Problem to solve
Only the stretch below from the line holding "voor zintuiglijke ervaringen." through the line holding "Fototapeta premium Three" should be restated, word for word and with both ends included; pictures stay out.
** Opening Material to process block **
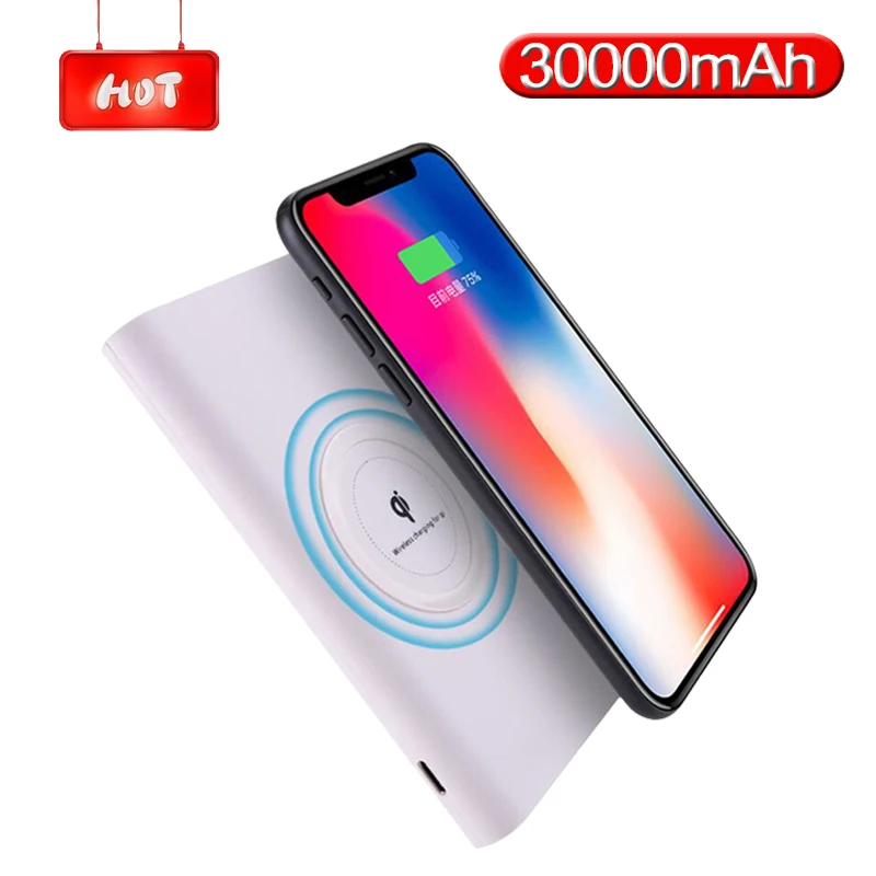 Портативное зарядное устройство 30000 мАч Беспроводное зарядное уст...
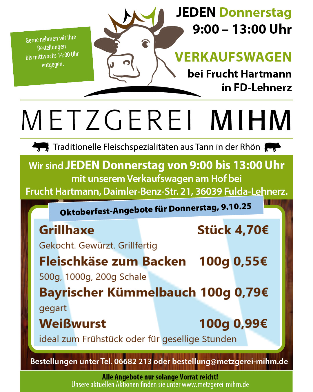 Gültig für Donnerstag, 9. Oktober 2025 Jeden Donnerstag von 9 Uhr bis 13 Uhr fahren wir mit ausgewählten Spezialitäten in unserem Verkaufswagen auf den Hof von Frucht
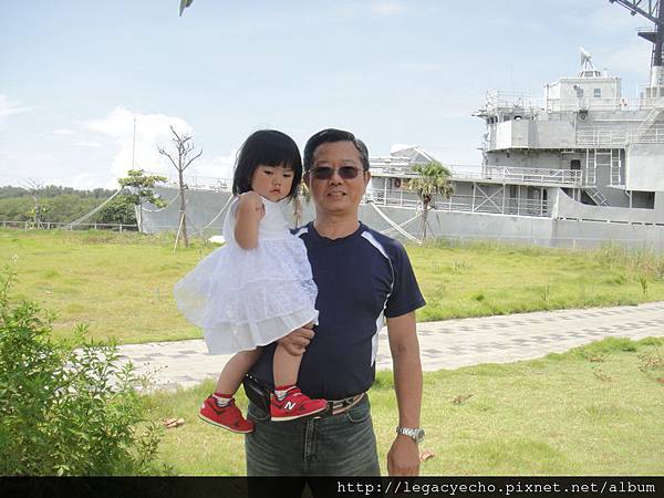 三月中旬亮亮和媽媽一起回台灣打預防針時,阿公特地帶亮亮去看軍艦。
** Closing Material to process block **
** Opening Material to process block **
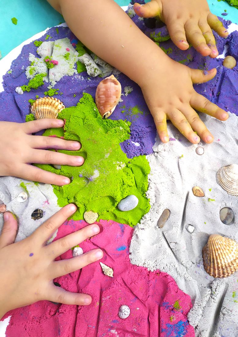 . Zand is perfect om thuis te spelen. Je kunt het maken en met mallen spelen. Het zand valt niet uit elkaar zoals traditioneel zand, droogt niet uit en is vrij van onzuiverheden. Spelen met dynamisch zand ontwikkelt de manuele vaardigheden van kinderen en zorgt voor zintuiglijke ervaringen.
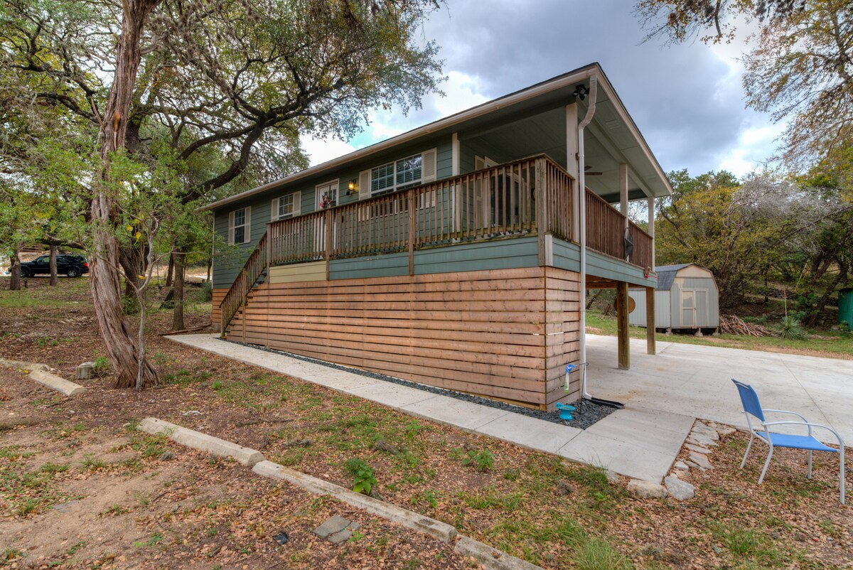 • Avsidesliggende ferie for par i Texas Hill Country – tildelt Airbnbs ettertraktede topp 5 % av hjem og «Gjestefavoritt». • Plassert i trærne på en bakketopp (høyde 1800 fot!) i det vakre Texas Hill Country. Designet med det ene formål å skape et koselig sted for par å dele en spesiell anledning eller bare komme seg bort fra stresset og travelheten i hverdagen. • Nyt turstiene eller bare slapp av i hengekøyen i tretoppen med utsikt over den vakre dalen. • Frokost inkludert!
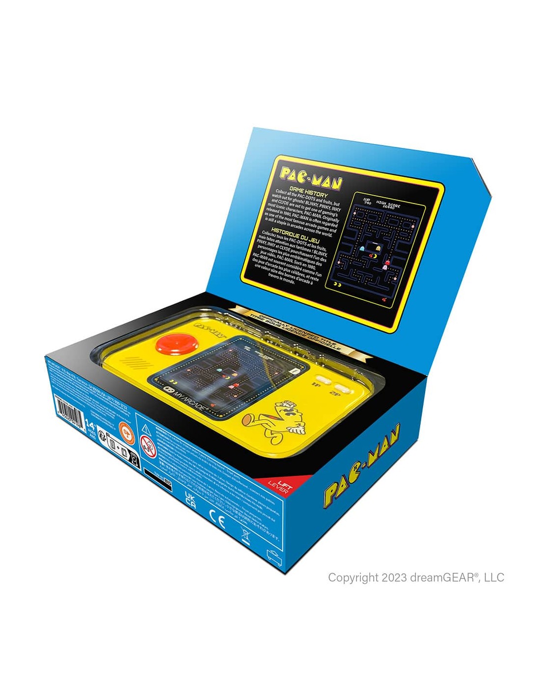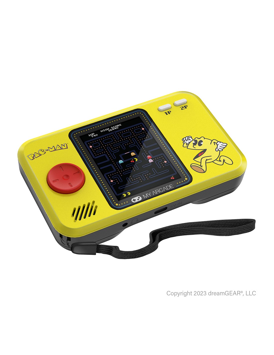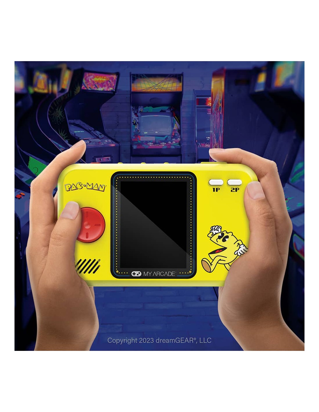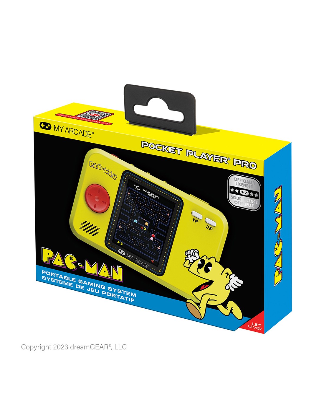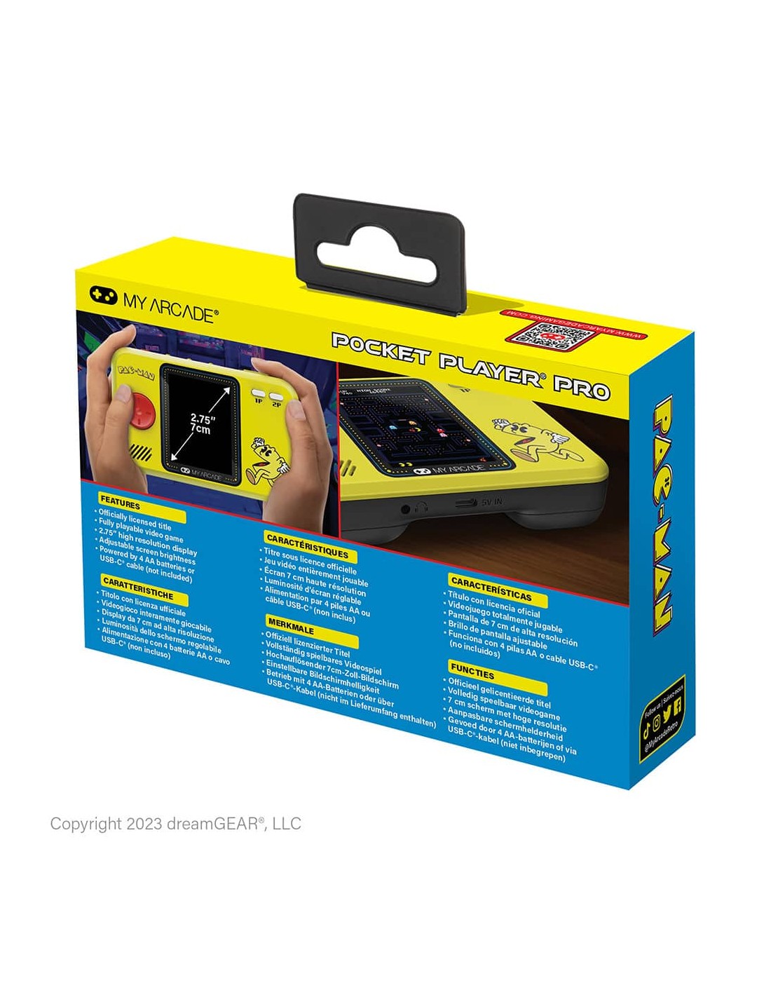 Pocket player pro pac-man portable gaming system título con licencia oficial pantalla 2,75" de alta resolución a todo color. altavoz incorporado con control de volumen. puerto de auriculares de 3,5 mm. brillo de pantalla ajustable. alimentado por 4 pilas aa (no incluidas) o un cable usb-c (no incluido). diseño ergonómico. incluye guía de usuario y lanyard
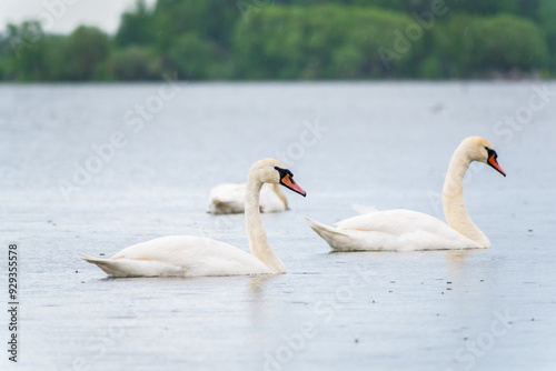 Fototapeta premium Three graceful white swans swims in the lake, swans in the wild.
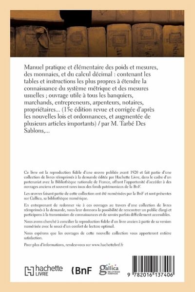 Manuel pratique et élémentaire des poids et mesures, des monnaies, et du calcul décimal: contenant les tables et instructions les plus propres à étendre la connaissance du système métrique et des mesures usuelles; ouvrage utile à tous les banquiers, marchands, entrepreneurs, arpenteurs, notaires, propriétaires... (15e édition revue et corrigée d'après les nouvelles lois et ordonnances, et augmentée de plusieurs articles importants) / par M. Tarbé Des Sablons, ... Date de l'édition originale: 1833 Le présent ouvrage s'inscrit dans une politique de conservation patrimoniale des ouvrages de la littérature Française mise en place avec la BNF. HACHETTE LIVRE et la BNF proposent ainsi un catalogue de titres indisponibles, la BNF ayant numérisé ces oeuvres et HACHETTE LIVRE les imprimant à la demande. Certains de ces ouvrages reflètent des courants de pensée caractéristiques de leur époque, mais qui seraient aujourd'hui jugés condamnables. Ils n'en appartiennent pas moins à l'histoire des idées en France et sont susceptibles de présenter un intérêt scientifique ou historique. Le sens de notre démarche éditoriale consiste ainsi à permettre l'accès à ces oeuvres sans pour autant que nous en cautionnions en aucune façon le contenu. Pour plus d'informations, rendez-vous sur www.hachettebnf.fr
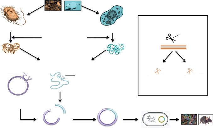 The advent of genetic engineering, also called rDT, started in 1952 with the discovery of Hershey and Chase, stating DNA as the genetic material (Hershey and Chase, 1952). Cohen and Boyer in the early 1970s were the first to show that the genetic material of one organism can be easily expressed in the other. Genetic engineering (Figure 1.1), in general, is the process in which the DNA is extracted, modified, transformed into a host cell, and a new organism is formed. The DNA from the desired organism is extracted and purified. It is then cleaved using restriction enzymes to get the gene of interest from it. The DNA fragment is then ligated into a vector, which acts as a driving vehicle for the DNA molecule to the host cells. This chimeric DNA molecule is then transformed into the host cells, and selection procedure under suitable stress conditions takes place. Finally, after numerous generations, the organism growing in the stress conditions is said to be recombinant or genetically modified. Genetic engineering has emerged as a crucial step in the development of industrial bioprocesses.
** Closing Material to process block **
Response for this exercise
 . Zand is perfect om thuis te spelen. Je kunt het maken en met mallen spelen. Het zand valt niet uit elkaar zoals traditioneel zand, droogt niet uit en is vrij van onzuiverheden. Spelen met dynamisch zand ontwikkelt de manuele vaardigheden van kinderen en zorgt voor zintuiglijke ervaringen.
 • Avsidesliggende ferie for par i Texas Hill Country – tildelt Airbnbs ettertraktede topp 5 % av hjem og «Gjestefavoritt». • Plassert i trærne på en bakketopp (høyde 1800 fot!) i det vakre Texas Hill Country. Designet med det ene formål å skape et koselig sted for par å dele en spesiell anledning eller bare komme seg bort fra stresset og travelheten i hverdagen. • Nyt turstiene eller bare slapp av i hengekøyen i tretoppen med utsikt over den vakre dalen. • Frokost inkludert!
 Pocket player pro pac-man portable gaming system título con licencia oficial pantalla 2,75" de alta resolución a todo color. altavoz incorporado con control de volumen. puerto de auriculares de 3,5 mm. brillo de pantalla ajustable. alimentado por 4 pilas aa (no incluidas) o un cable usb-c (no incluido). diseño ergonómico. incluye guía de usuario y lanyard
 Fototapeta premium Three graceful white swans swims in the lake, swans in the wild.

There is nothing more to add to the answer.